We support companies in various ways at Jarden – for some companies we will still arrange a virtual, global investor roadshow from start to finish. For others we will assist in gathering responses from a select few investors.

Other times, it is simply helping companies update their information if they’re going direct for the first time.  

Several large-cap companies are going direct to their actual shareholders in a more frequent, targeted fashion to offer an update on the business, but many other IR practitioners are seeing a much greater volume of enquiry generally so they are still happy to have the support for non-deal roadshows.

We haven’t seen these factors playing out in the work we do with clients – investors are absolutely still working with us to arrange calls and virtual meetings with companies.

With the opening of the trans-Tasman travel bubble, we have hosted investor trips between Australia and New Zealand. Again, pauses in the bubble due to new cases have occurred, so we adapt.

Over the past few months, we’ve hosted a few Australian investors, and these meetings have been very productive. Both sides report much satisfaction with being able to get face-to-face with listed companies, and of course their unlisted peers and industry experts too.

What has the appetite been like for in-person meetings since the end of lockdown?

Once New Zealand’s initial, nationwide lockdown ended in June 2020, Jarden welcomed staff back as they felt comfortable to return, and then clients, provided their recent travel or contacts weren’t linked to Covid-19 cases.

Clients of Jarden, as a reflection of what we saw across the business environment, were mostly enthusiastic to meet in-person again. Many prefer the ease of ability to ask questions and share ideas, the non-verbal cues and relationship building that all come from meeting face-to-face.

However, people will sometimes still elect to join virtually, and it is great to have that as an option. 

We have had a few instances where Covid-19 restrictions have been raised in certain areas, as a response to new cases, and we’ve been able to easily adapt back to virtual, if needed, for those periods.

Finally, New Zealand is famed for its scenery and landscape. Any tips for what to do in downtime once people can visit again in person?

We have a moderate climate, so any time of year works well to visit. However, we would avoid the Easter break (early April) and the time from mid-December to late January (the main New Zealand summer holiday).

We would also avoid school holiday periods, if possible, although most New Zealand buy-side firms are somewhat generalist in their coverage and would be able to have someone participate at any time.  

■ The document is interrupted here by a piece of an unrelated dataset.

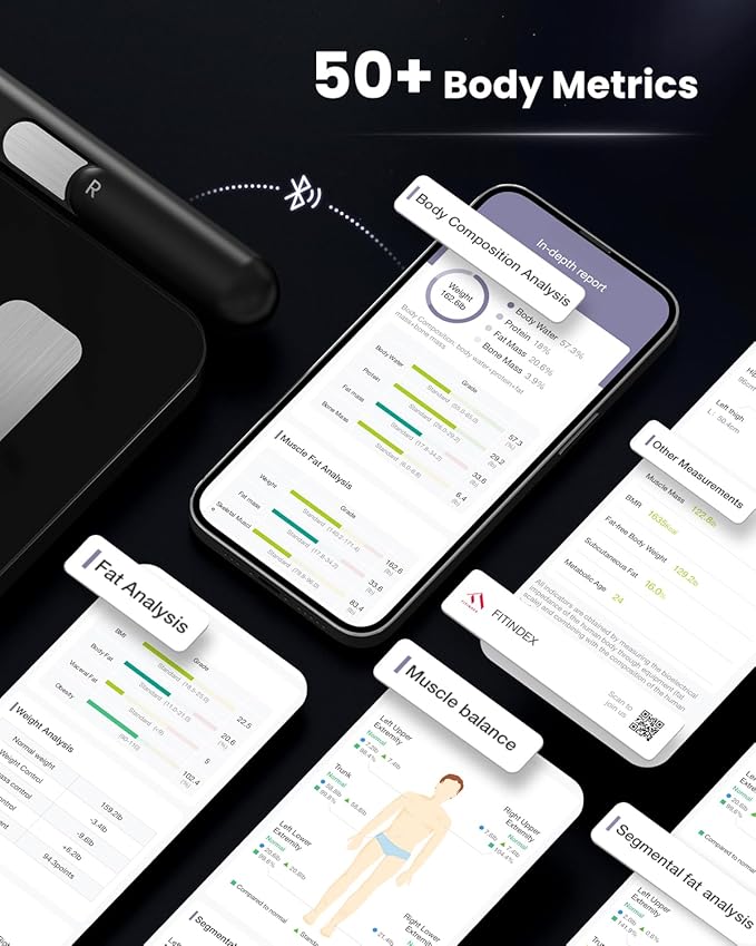 - [Track Progress Easily] The smart scale with FITINDEX app generates a comprehensive body composition analyzer report, accurately detailing index data for each part of your body. With this information, you can tailor exercises and diet plans to improve arm strength, abdominal muscles, thighs, and overall physical health. The app provides detailed charts and trends for 50 body composition metrics over weeks, months, or years, helping you track health and fitness goals with precision and convenience

In the downtime, beautiful walks and hikes are easily accessible from most places in New Zealand.

When visiting Auckland, you can visit the renowned wineries of Waiheke Island in less than an hour – and the city’s waterfront is host to numerous fine-dining restaurants and local fashion designers.

Wellington, the capital, is also known for its food and craft beer scene. The city is home to our national museum, Te Papa. If you’re able to add a holiday on to your visit, Queenstown – in the Southern Alps – is a stunning spot, with lakes, mountains (skiing and snowboarding in winter) and excellent wineries.